Southwick’s Zoo also makes use of a rented train, but that train is not available in the fall, Brewer said. The Springfield train should fill that gap, he said.

“It worked good last year, (but we) had some issues with it,” Brewer said.

The train is popular at Southwick’s Zoo as passengers can see the North American exhibit that includes elk and wild turkeys, he said.

Patrick J. Sullivan, Springfield’s director of parks, buildings and recreation management, said he learned about the train sale about five months after the fact. He said his department still hears from zoo visitors asking about the whereabouts of donated train. The zoo is operated by the Forest Park Zoological Society.

“During the past year, we have received numerous phone calls of why did the train stop being offered,” Sullivan said. “It was another reason to visit the zoo — great for the younger families. We feel it’s unfortunate and it was our understanding it made money to offset zoo expenses.”

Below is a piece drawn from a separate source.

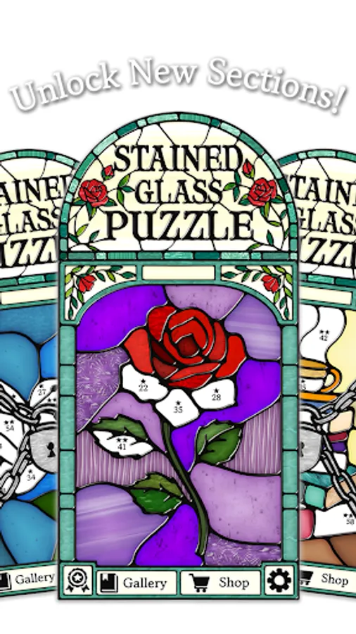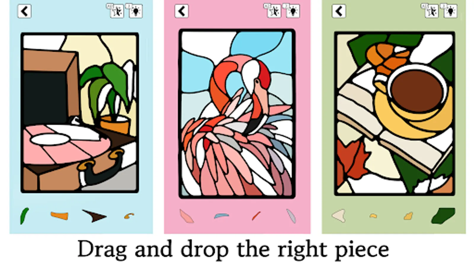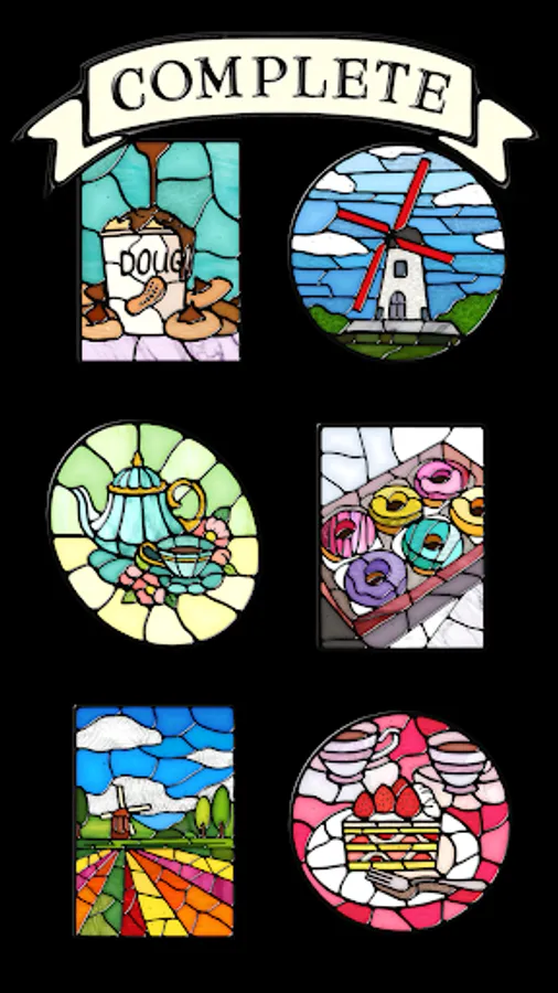 Puzzles turn into beautiful stained glass when you complete the puzzles.

There had been a train at Forest Park since at least the 1970s.

The MassMutual Express train arrived new in 2001, replacing an old train that was having maintenance issues, officials said at the time. The new train could carry 75 passengers, was painted blue and white to match MassMutual‘s “blue chip” logo, and had a brass-bell sound system.

Nathan Bazinet, who is listed as interim director and a board member of the Zoo in Forest Park, declined to answer questions about the train.

Officials at MassMutual also declined to comment about the sale of the train.

Forest Park Zoological Society board member Evan Plotkin, who acknowledged that he has not participated in board activity in some time, said he is aware that the train encountered maintenance and mechanical problems in the past and was in need of repairs “quite a bit.”

In Springfield, the train picked up passengers at the zoo entrance, circled the upper park, and then dropped the passengers off at the zoo. The train was not powerful enough to climb the hills in the lower park, Sullivan said.

There was a ticket fee charged for the train rides, but the amount generated annually was not available from the Zoological Society.

The Zoological Society has a 25-year lease at Forest Park, renting the zoo for $1 a year. As a private, nonprofit organization, it operates separately from the park system, but the city funds a full-time employee and major public utilities, city officials said.